Most haters of Lee's film mention the computer-generated Hulk right off the bat, and my response to their criticisms makes me feel very old. All I can think is, "What the hell did you expect?" Yes. You're right. The giant green monster looked like it wasn't real. I guess as someone who was just barely old enough to see the first Star Wars film, I'm used to giving the filmmakers a break when it comes to bringing fantastic creatures to life. Considering the possible alternatives -- a muscle man in green paint or a "Hulk suit" like the Thing suit Michael Chiklis endured two years later in Fantastic Four -- I didn't think I was straining my disbelief-suspension muscles nearly as much as I might have otherwise. Lee's Hulk never fooled me into thinking he was real, and yeah he could've been better, but he could've been worse too. I think, more than anything, we were all spoiled by The Lord of the Rings. Don't get me wrong. The creators of those films deserved all of the accolades they got when it came to the special effects, but let's not forget something fairly important. Jackson and co. brought us stunningly rendered fantasy creatures living in a fantasy world. Lee's Hulk, on the other hand, is a creature of the fantastic set against the backdrop of the real world. There was no way he was going to look like anything but a cartoon.

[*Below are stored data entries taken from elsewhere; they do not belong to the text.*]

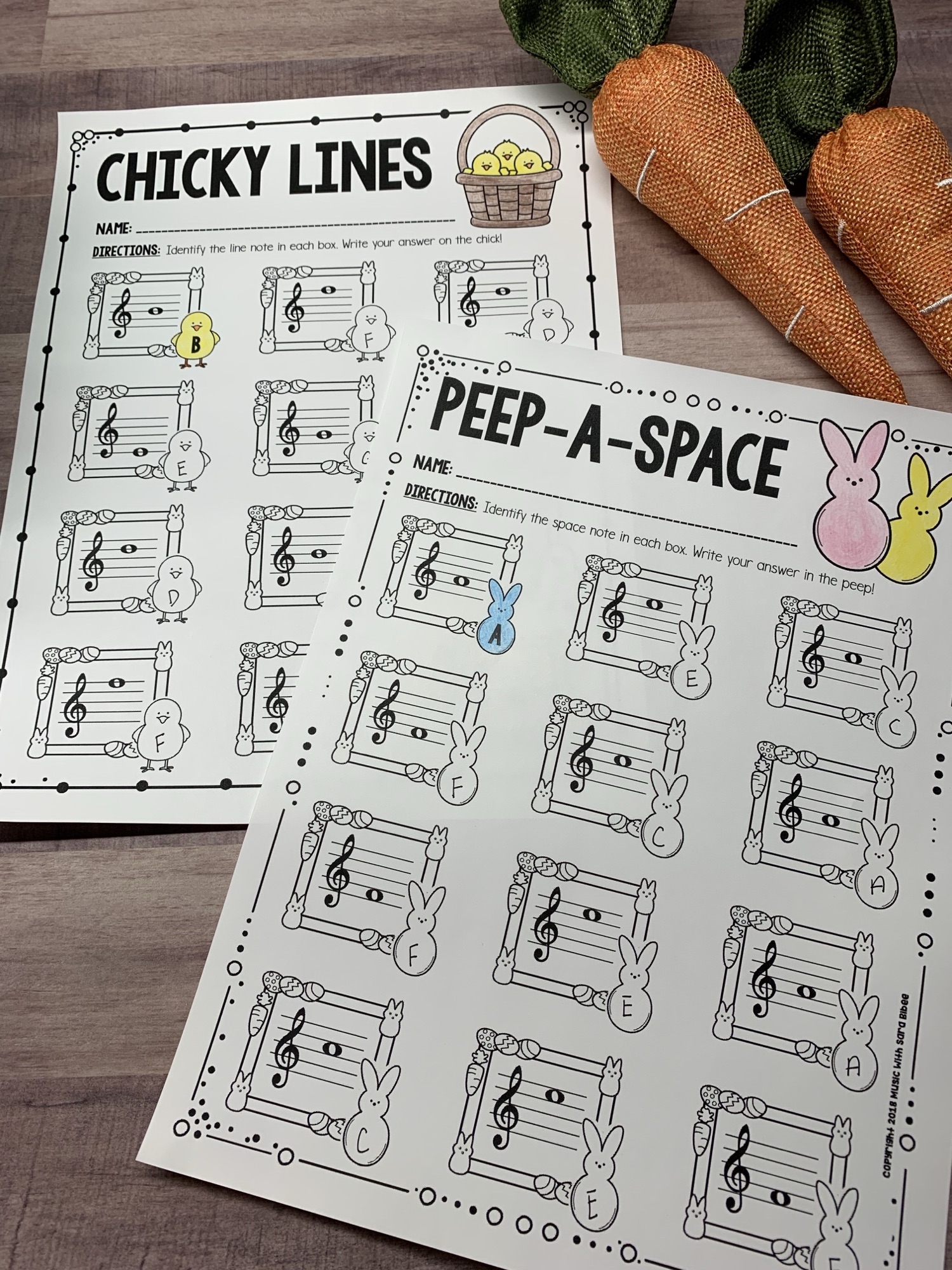 This adorable and effective group of Easter music worksheets are great for reinforcing knowledge of line/space, treble/bass, dynamics, and note/rest. There’s even some coloring pages!…
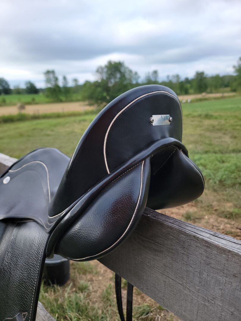 17" seat, 40cm flap length, anatomical cut-out panels. White piping with blank name plate. Adjustable tree currently set to MW. (32cm)
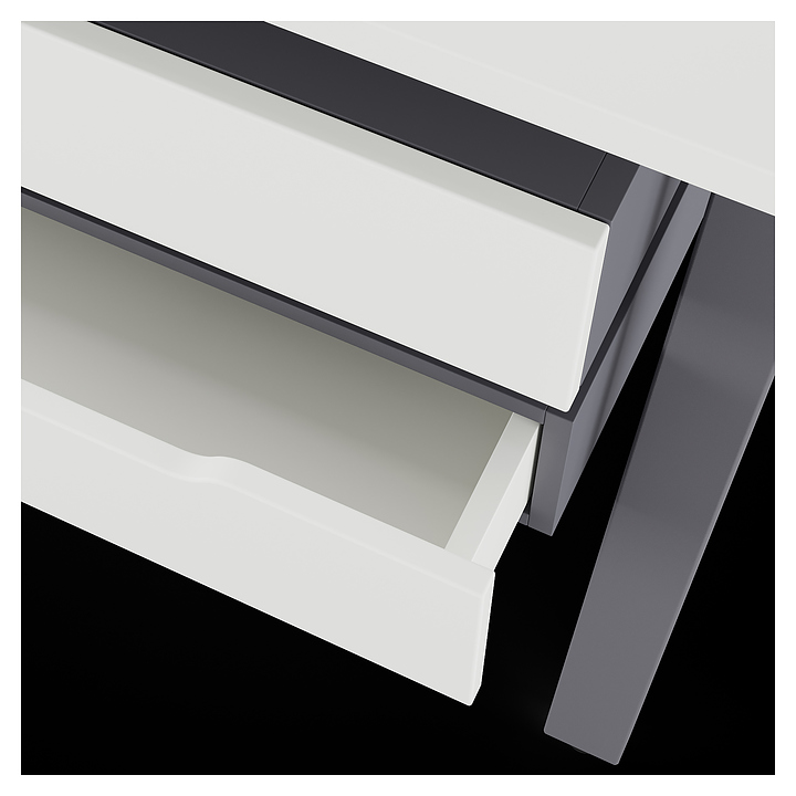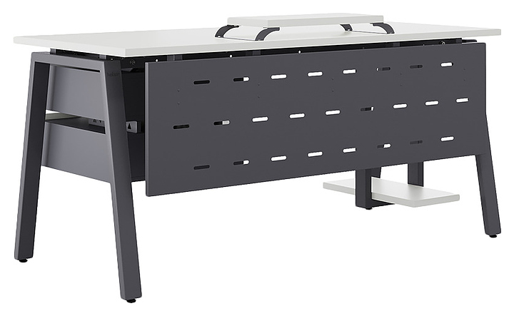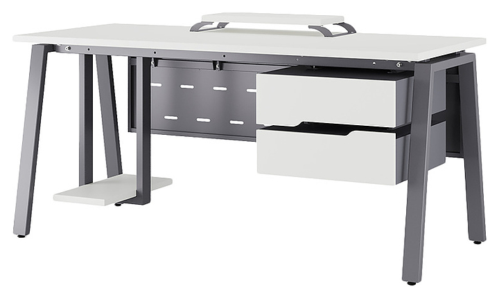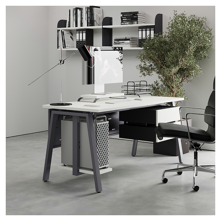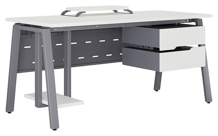 Компьютерный стол Кобор KA-80/70 graphite/premium используется в офисных помещениях и кабинетах руководителей. Модель оснащена A-образными опорами. Каркас выполнен из металла, выкрашенного в цвет графит муар (RAL7024), столешница – из ламинированной древесно-стружечной плиты (ЛДСП) цвета белый премиум (W1000 ST9). Опции (заказываются отдельно):
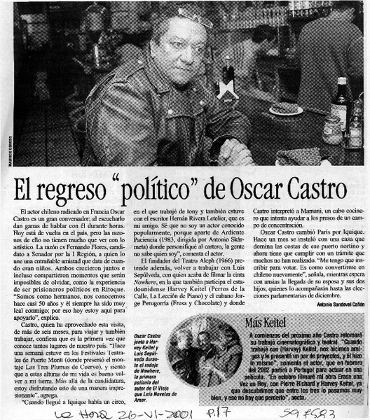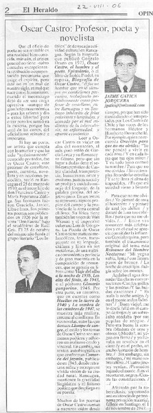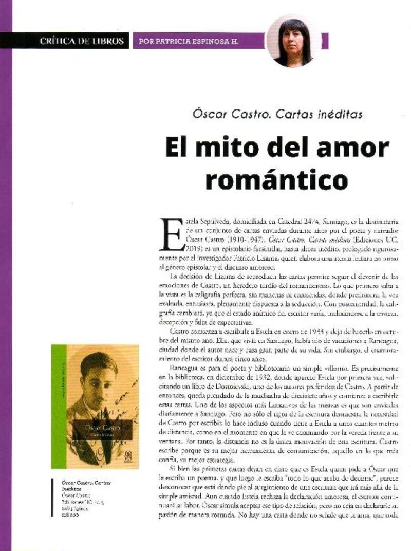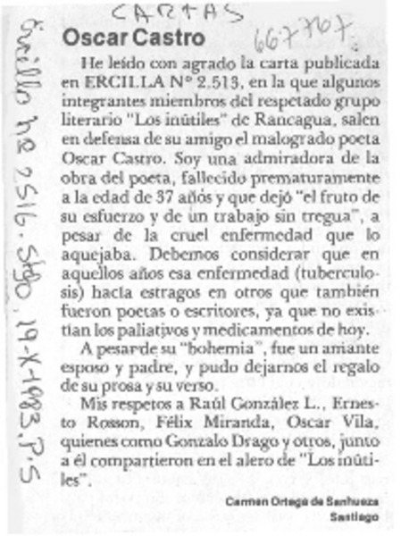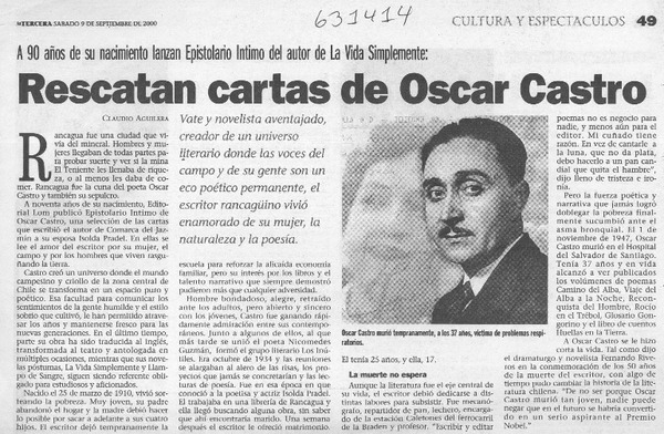 Rescatan cartas de Oscar Castro [artículo] Claudia Aguilera
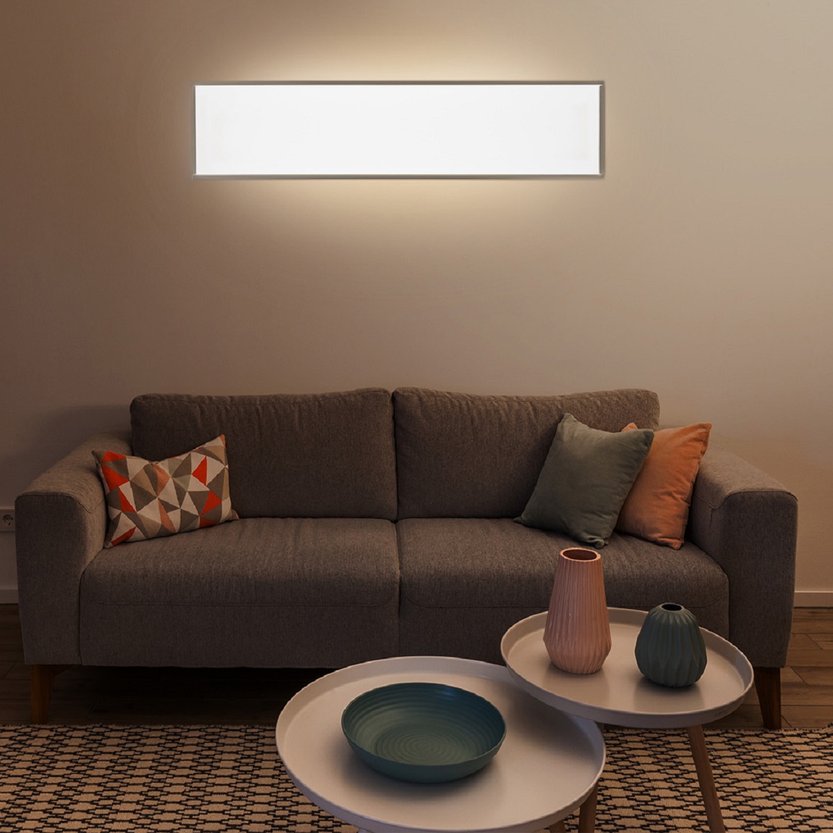 Pannello LED forma rettangolare, dimensione 30x120 cornice bianca;
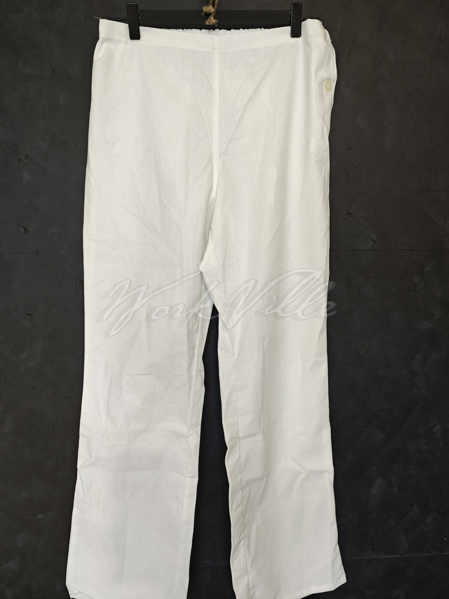 Брюки прямые винтажные без карманов белого цвета. Натуральный материал очень похож на поплин.
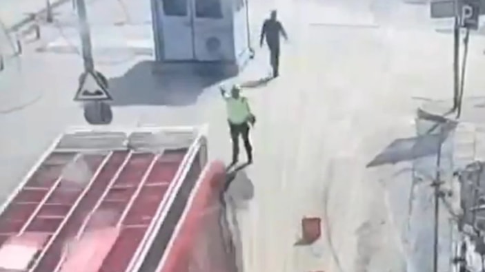 Trafik polisi, olaydan otobüsün sağına kaçarak yara almadan kurtulurken başlatılan soruşturma kapsamında şoför gözaltına alındı.
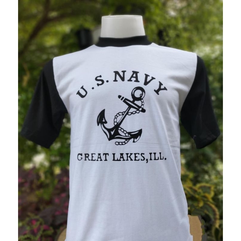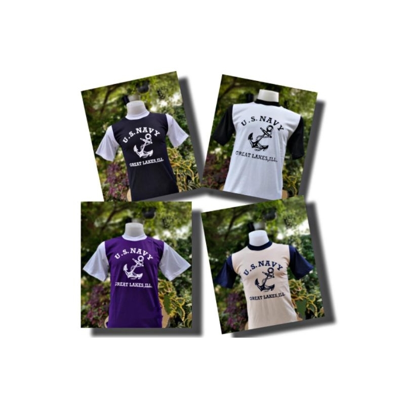 เสื้อยืดแขนต่อผ้าcotton ลาย เนวี่
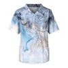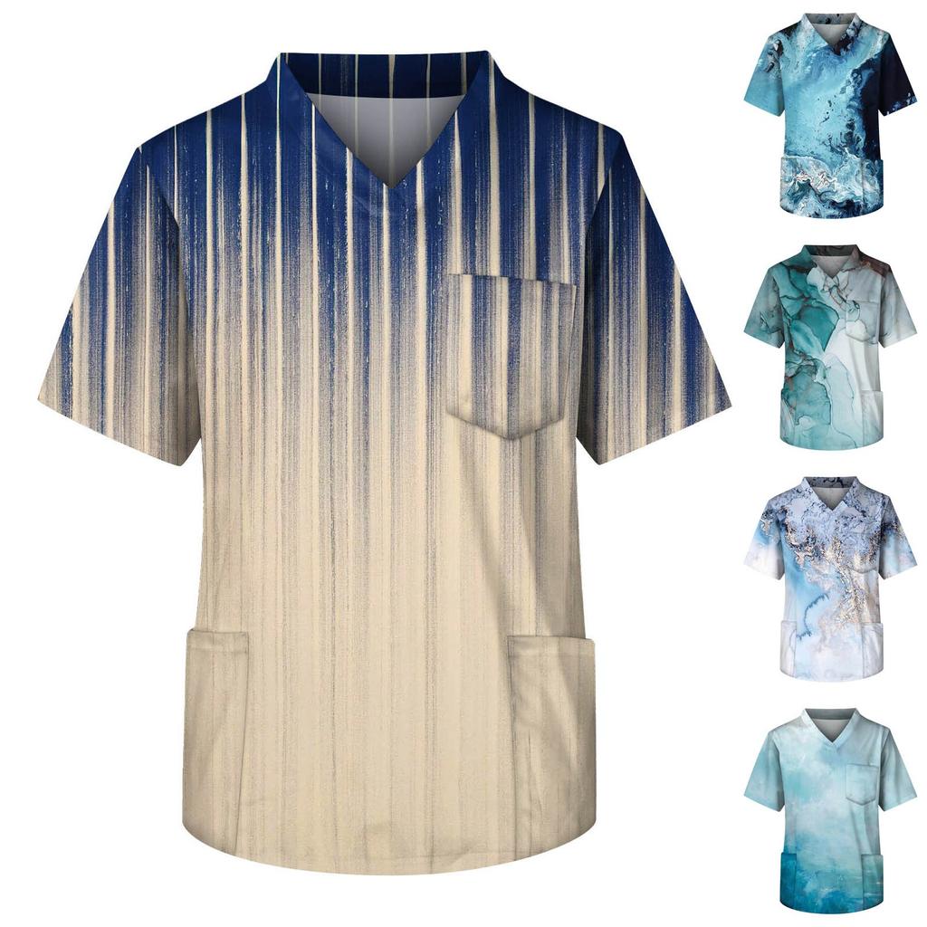 Men's Printed Short Sleeve V-neck Tops Working Pocket Blouse
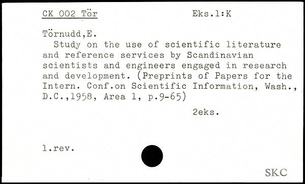 Study on the use of scientific literature and reference services by Scandinavian scientists and engineers engaged in research and development. (Preprints of Papers for the Intern. Conf.on
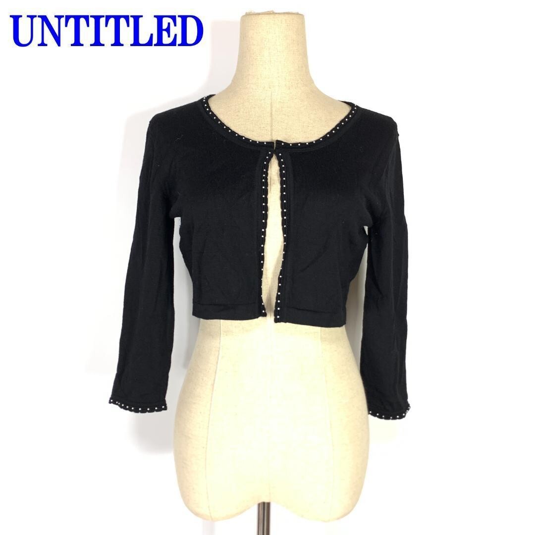 > UNTITLED アンタイトル 長袖ショートカーディガン ブラックビーズ装飾 フック型留め具 ウール100%2 C1392
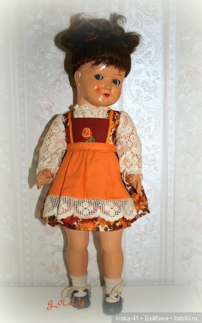 Еще ранней осенью приехала ко мне маленькая миленькая малышка, которая подкупила меня своей трогательностью. В начале своего «кукольного» пути я не могла определиться с приоритетами, с тем, что я хочу купить и т.п. Так она оказалась у меня, мне было ее очень жалко. Хотелось дать ей новую жизнь. Правда, долго определялась с платьем, не все ей подходило, в результате нашла кусочек старого поплина. Парик прежний пока не приводила в порядок, руки не доходят. Ну, в общем, не судите строго, вот что получилось, а кукла мне очень полюбилась. Фото до и после.
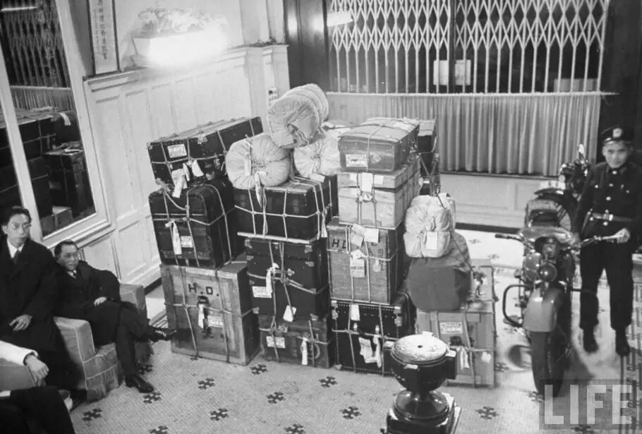 1949年3月,广州,一家酒店大堂里的旅客行李。卡尔·迈当斯/摄。
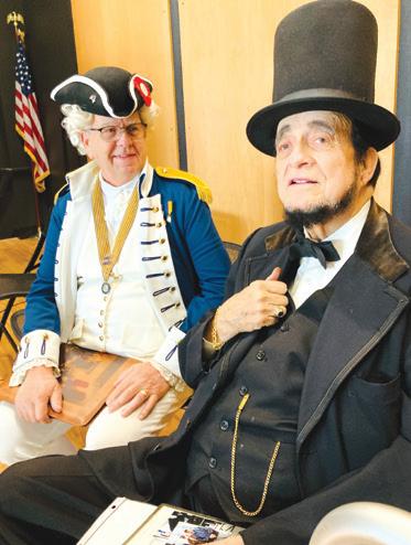 The Senior Center gets a visit from America's past: George Washington played by Larry Duba and Abraham Lincoln played by Wayne Scott. Both gave a short dissertation on their history and are featured cutting the cake at the Senior Center
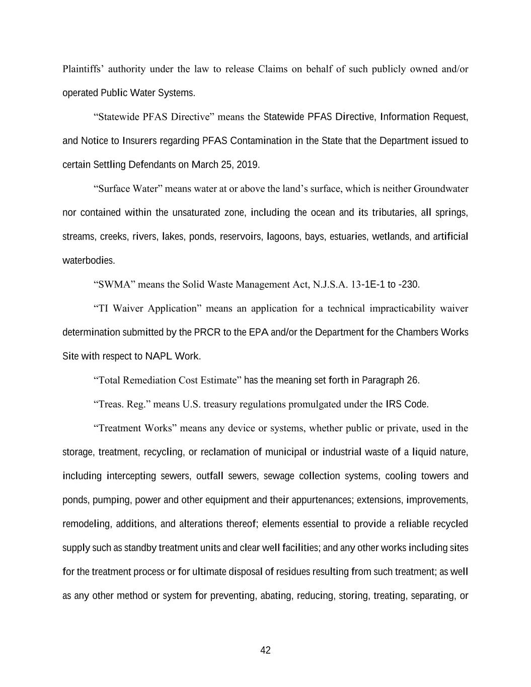42 Plaintiffs’ authority under the law to release Claims on behalf of such publicly owned and/or operated Public Water Systems. “Statewide PFAS Directive” means the Statewide PFAS Directive, Information Request, and Notice to Insurers regarding PFAS Contamination in the State that the Department issued to certain Settling Defendants on March 25, 2019. “Surface Water” means water at or above the land’s surface, which is neither Groundwater nor contained within the unsaturated zone, including the ocean and its tributaries, all springs, streams, creeks, rivers, lakes, ponds, reservoirs, lagoons, bays, estuaries, wetlands, and artificial waterbodies. “SWMA” means the Solid Waste Management Act, N.J.S.A. 13-1E-1 to -230. “TI Waiver Application” means an application for a technical impracticability waiver determination submitted by the PRCR to the EPA and/or the Department for the Chambers Works Site with respect to NAPL Work. “Total Remediation Cost Estimate” has the meaning set forth in Paragraph 26. “Treas. Reg.” means U.S. treasury regulations promulgated under the IRS Code. “Treatment Works” means any device or systems, whether public or private, used in the storage, treatment, recycling, or reclamation of municipal or industrial waste of a liquid nature, including intercepting sewers, outfall sewers, sewage collection systems, cooling towers and ponds, pumping, power and other equipment and their appurtenances; extensions, improvements, remodeling, additions, and alterations thereof; elements essential to provide a reliable recycled supply such as standby treatment units and clear well facilities; and any other works including sites for the treatment process or for ultimate disposal of residues resulting from such treatment; as well as any other method or system for preventing, abating, reducing, storing, treating, separating, or
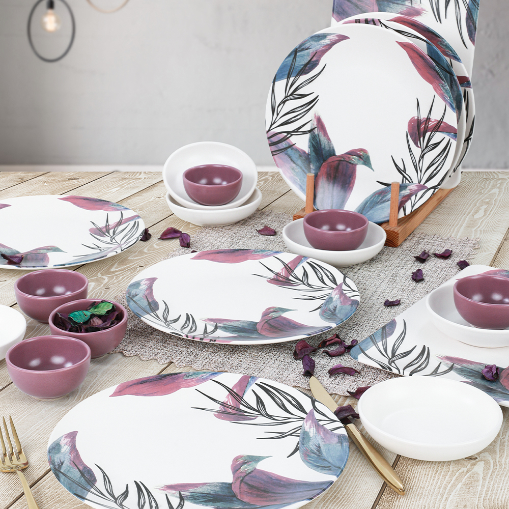 Göz alıcı çiçek desenlerinin soft renklerle bir araya geldiği Keramika Vio 20 Parça 6...plus
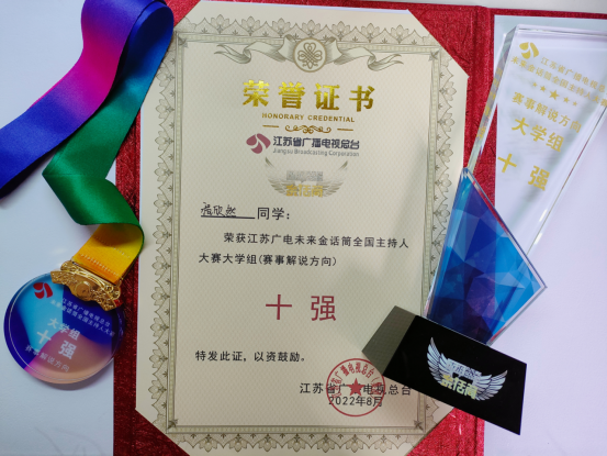 本网讯(bat365在线中国登录入口 石益娜 程欣然)8月26日,由江苏省广播电视总台主办的第九届“未来金话筒”全国主持人大赛大学组决赛在江苏南京落下帷幕。我校bat365在线中国登录入口播音与主持艺术专业学子在激烈角逐中脱颖而出,荣获佳绩。2020级程欣然、石益娜双双荣获赛事解说赛道全国十强,2019级卜应俏、2021级许诺荣获全国百强(不区分赛道),展示出我校播音专业的办学水平与学子的青春风采。
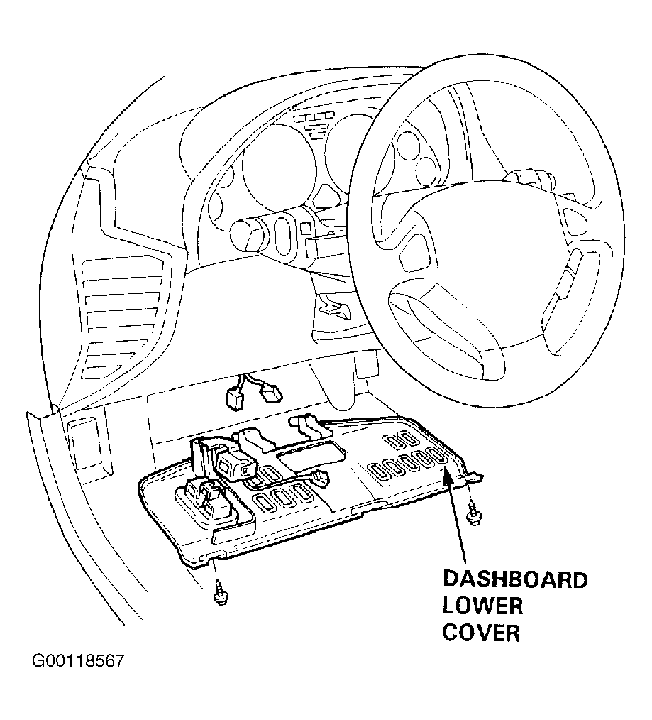 1. Remove the dashboard lower cover, and disconnect the floor wire harness connectors. See Fig 1 .
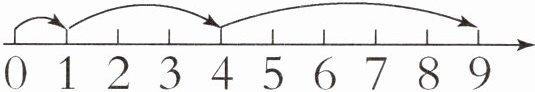 (1)1+3+5=9 【提示】从数线图上可知,第一次跳1格,第二次跳3格,第三次跳5格,一共跳了1+3+5=9(格)。

Leterrier's Hulk is certainly an improvement, mainly because of lessons learned from Lee's film. To make him look more realistic, Leterrier shrinks him, both making him shorter and a bit more lean and sinewy. His Hulk is also a much darker shade of green and it helps to minimize the cartoon-y contrast that helped damn Ang Lee's version. But I'd be curious to see what Leterrier and co. would've come up with if they didn't have Lee's version from which to learn. The Hulk of Incredible Hulk is certainly better and, physically, more believable. But he's still a computer puppet in the real world, and it shows.
The place where both films unquestioningly pale in comparison to LotR's Gollum is in the inability of either Lee's or Leterrier's computer-generated Hulks to convey a full range of emotions. You can't fall back on the fantasy/real contrast excuse here. The movie Hulks of both 2003 and 2008 have exactly three different kinds of facial expressions -- anger/pain, dull/expressionless, and what I call the Betty Face. It's just a slight variation of the dull/expressionless face that looks just a little more pathetic, like a monkey about to fall asleep, to convey that Betty is nearby.
Incredible Hulk, I think, also got the sound of the Hulk in a way that Hulk just didn't. I remember, maybe 10 years ago, I wanted to put together a desktop theme for the Hulk, complete with some kind of sound that would play whenever I booted up my PC. I tried different soundbites from the '90s cartoon, the opening theme from the '70s show, and finally settled on something that sounded like the Hulk I imagined even though it wasn't from any media involved with the Hulk franchise - the sound of the T-Rex roaring in Jurassic Park. The Hulk should sound big - bigger than he actually is. But the green goliath we got in Hulk hardly even sounded like a particularly loud person. He snarls, grunts, and growls, but he sounds like a small, choked animal. In Incredible Hulk, though, I have to say, they really got it right, particularly during the few instances when he speaks, like when he roars from the shadows "Leave me alone" or his "Hulk smash" towards the end.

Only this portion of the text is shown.